On-Call Handoff Template
Eight fields. Seven minutes. The difference between the next on-call walking into a clean shift and walking into a landmine. Copy this, fill it in, post it in the channel.
The template
Drop this into the on-call channel at the end of your shift. Don't fill it in on a Friday after a long shift; fill in the live fields throughout the week so 7 minutes is all it takes.
- 1. Shift summary. One line. "Quiet, two false-positive pages on payment-svc, no customer impact."
- 2. Open incidents. Each with link, severity, current state, owner, next action.
- 3. Suppressed alerts & silences. Anything snoozed and when it expires.
- 4. In-flight changes & freezes. Active deploys, freezes in effect, scheduled change windows.
- 5. Weekend / overnight risks. Known stuff that might page; capacity headroom; expiring certs.
- 6. New runbooks / changes since last shift. What the next person doesn't know yet.
- 7. Contacts & escalation path. Who's the secondary; how to reach Eng leadership.
- 8. Outstanding follow-ups. Action items from this shift's incidents that aren't done yet.
Open incidents
The most important field. Skip anything below this if you have to; never skip this.
- For each open incident: link, severity, status (mitigated / investigating / monitoring), owner, next action with timestamp.
- "Next action with timestamp" is the magic phrase. "Wait for vendor reply, ETA 02:00 UTC" is way more useful than "ongoing".
- Mitigated ≠ resolved. If it's mitigated but the root cause isn't fixed, flag it. The next on-call needs to know it can come back.
- Customer-facing comms status, was a public statuspage update sent? When? Is one due?
- Workarounds in place, if you've routed traffic around something or scaled up "temporarily", say so. Temporary fixes outlive their authors.
- Link to the incident channel / war room thread, not just the ticket. Context lives in the channel.
Suppressed alerts & silences
Silenced alerts are the biggest source of "we should have known". Two questions: what's silenced, and when does the silence expire?
- List every active silence. Alert name, scope, expiry timestamp, reason, the human who silenced it.
- Anything silenced for "> 24 hours" is a runbook task, not an alert. Convert it or delete it.

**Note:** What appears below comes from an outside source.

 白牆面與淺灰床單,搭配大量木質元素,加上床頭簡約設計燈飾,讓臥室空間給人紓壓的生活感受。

- Silences expiring during the next shift, flag them explicitly. "X silence expires Sat 06:00, alert may resume."
- If you silenced something, mention why. "Known bug, fix in #PR-1234" is way more useful than "noise".

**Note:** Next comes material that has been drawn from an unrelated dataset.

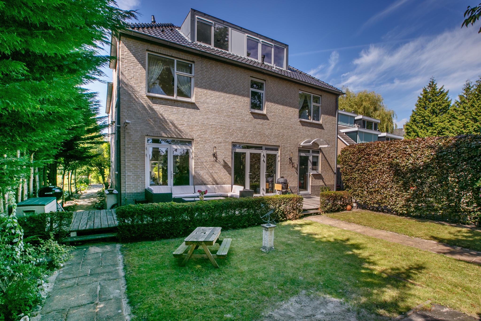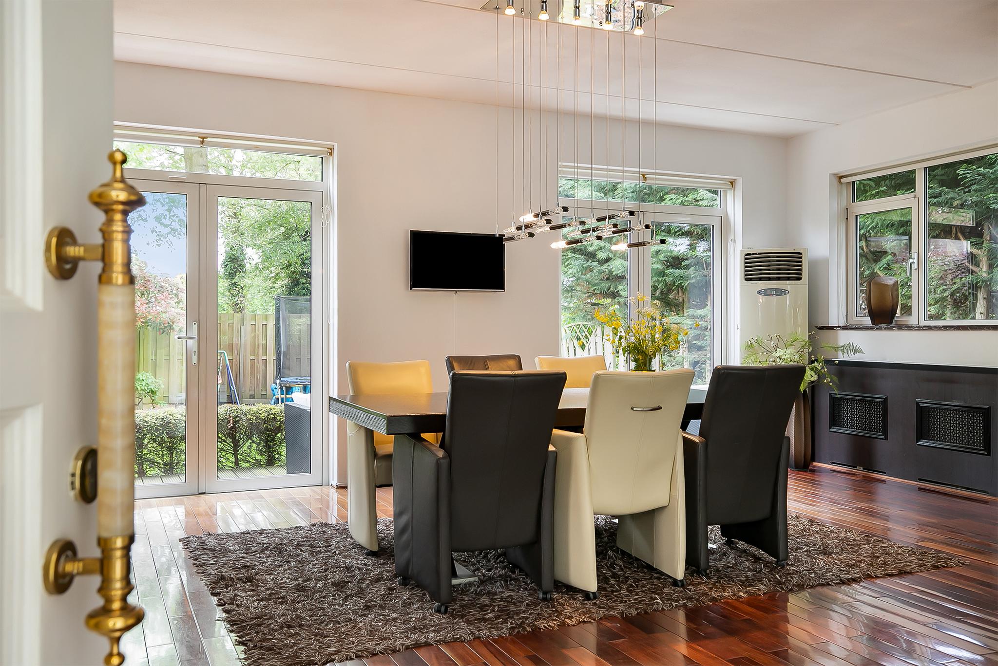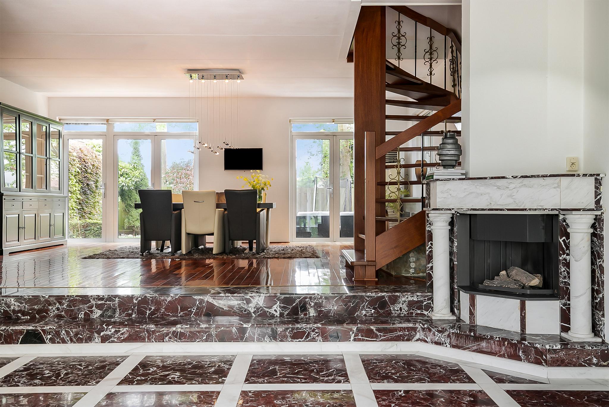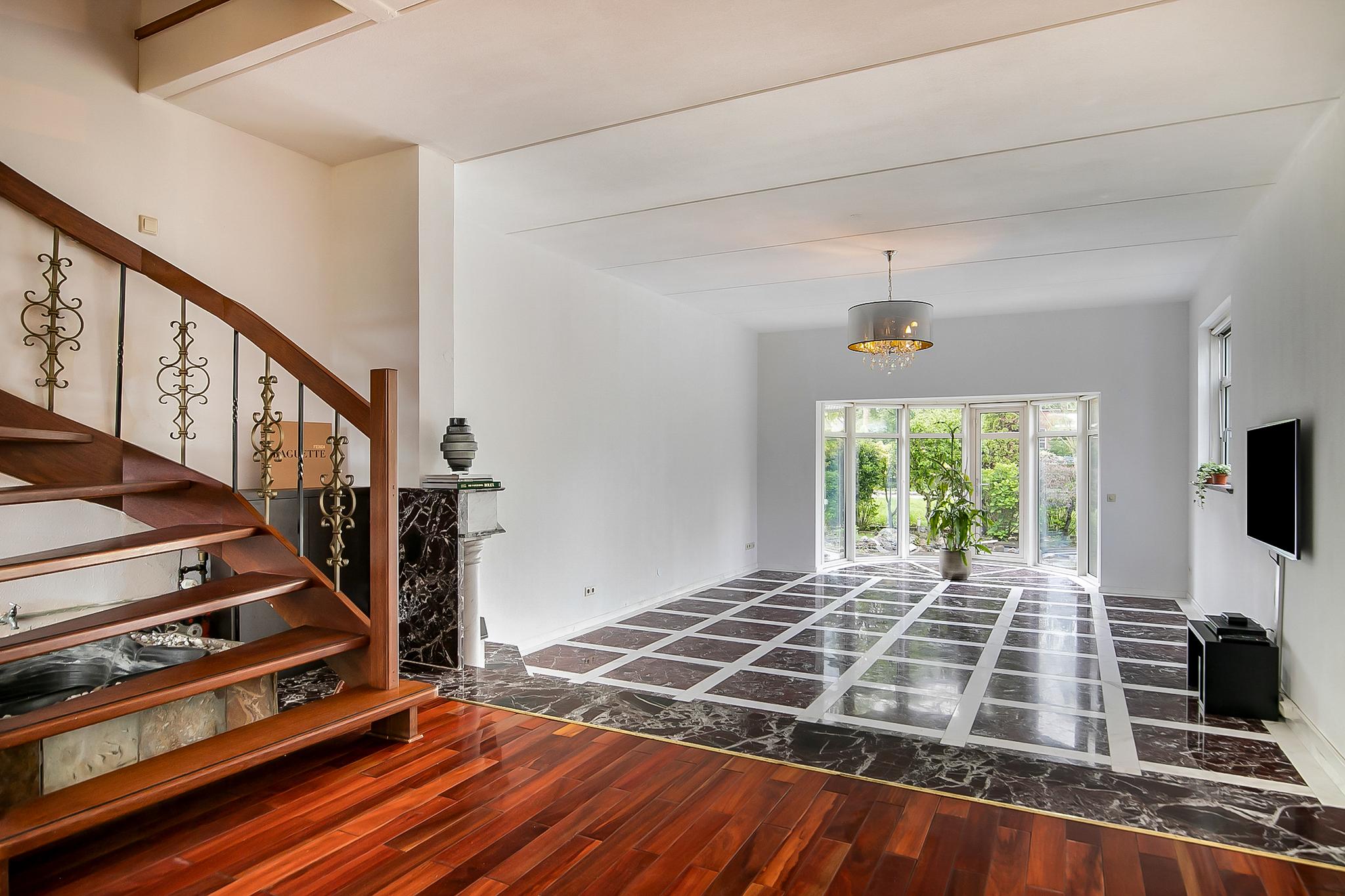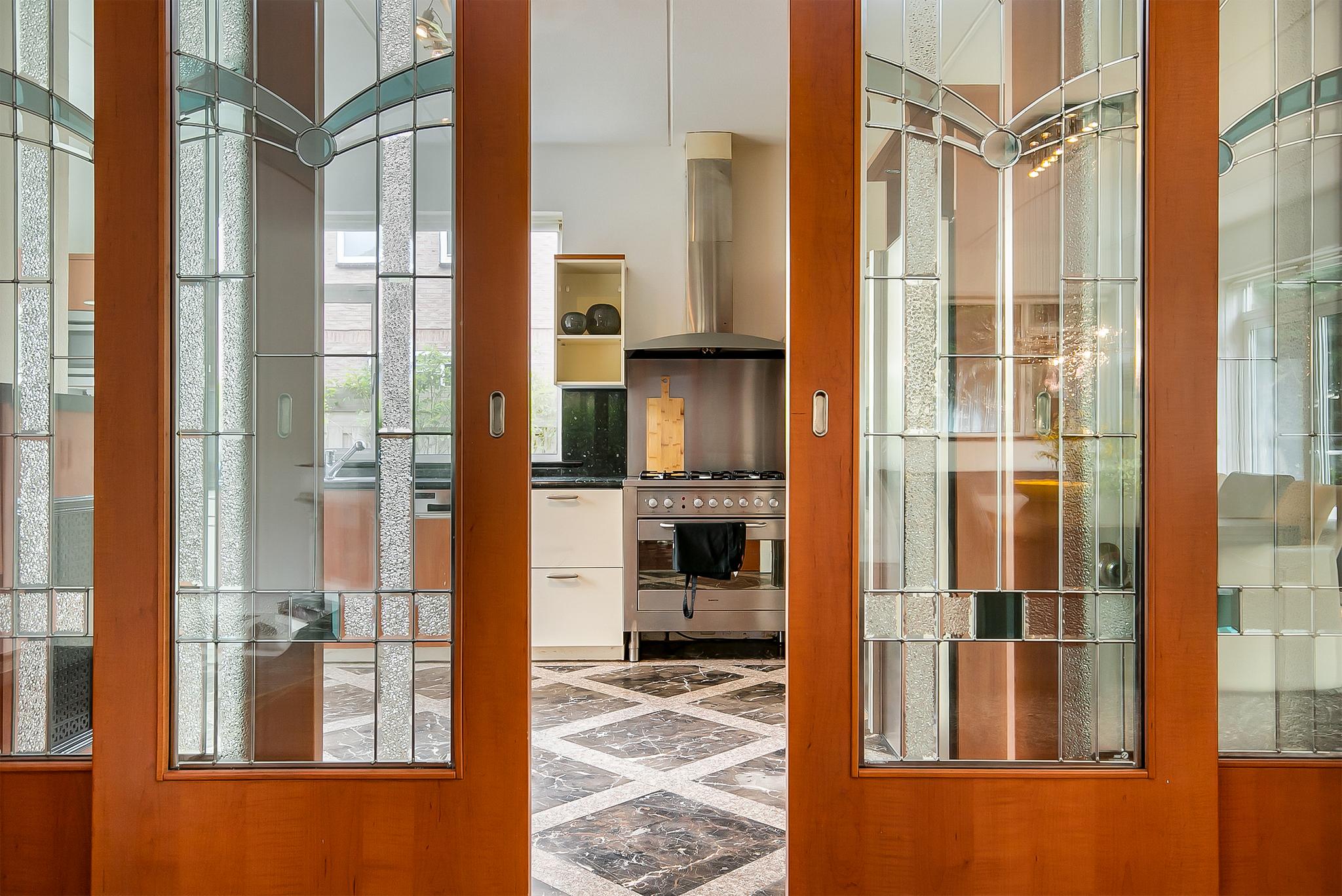 Ruime hal met ingebouwde garderobe en toegang tot toilet met fonteintje. Royale lichte woonkamer met openslaande deuren naar de tuin en woonkeuken. Woonkeuken met natuurstenen aanrechtblad heeft een vijf pits gasfornuis met gasoven rvs gootsteen, vaatwasser, Amerikaanse ijskast, en rvs afzuigkap. Aangrenzend aan de keuken ligt de bijkeuken met toegang tot de tuin. Vanuit de woonkamer heeft men toegang naar de eerste verdieping door middel van een fraaie vormgegeven eikenhouten trap.

- If a silence has been renewed > 3 times, it's a process failure. Add it to follow-ups.
In-flight changes & freezes
- Active deploys, what's currently rolling out, what stage (canary / progressive / full), expected completion time.
- Active freezes, production code freeze in effect? Until when? What's the exception process?
- Scheduled change windows, vendor maintenance, DB upgrade, cert rotation. Time + scope.
- Recent rollbacks, if you rolled something back, the next on-call needs to know it's still rolled back. Otherwise they'll find a "weird discrepancy" and panic.
- Feature flags flipped during the shift, flag name, environment, why. Especially anything flipped during an incident.
Weekend / overnight risks
The "what might page you" field. Predict the night so the next person isn't surprised.
- Capacity headroom, any service running < 30% headroom on CPU/memory? Pages on traffic spikes.
- Approaching limits, quotas (cloud, vendor), license counts, disk space, certificate expiry within 30 days.
- Recent regressions in monitoring, an alert that has fired more than usual without resolution, even if individually mitigated.
- Expected traffic, marketing campaign, sale, scheduled batch job. Predicted load above baseline.
- Vendor incidents you're tracking, statuspage links, expected resolution. Helps the next on-call ignore upstream-caused noise faster.
Contacts & escalation
- Primary & secondary on-call for the next shift, with phone / pager handles, not just usernames.
- Subject-matter experts, "Database is owned by data-platform team; their on-call is in #data-oncall". Avoids the 3am search.
- Engineering leadership escalation, whose phone you call for a Sev-1 outside business hours.
- Customer-facing comms approval, who has to sign off on a status page update. PR/Marketing on-call rotation if there is one.
- Vendor support contacts, account numbers, support tier, after-hours phone. Buried in a wiki is too slow at 3am.
- Outstanding follow-ups (field 8), bullet list, with assignees and target dates. Roll this forward shift to shift until items close.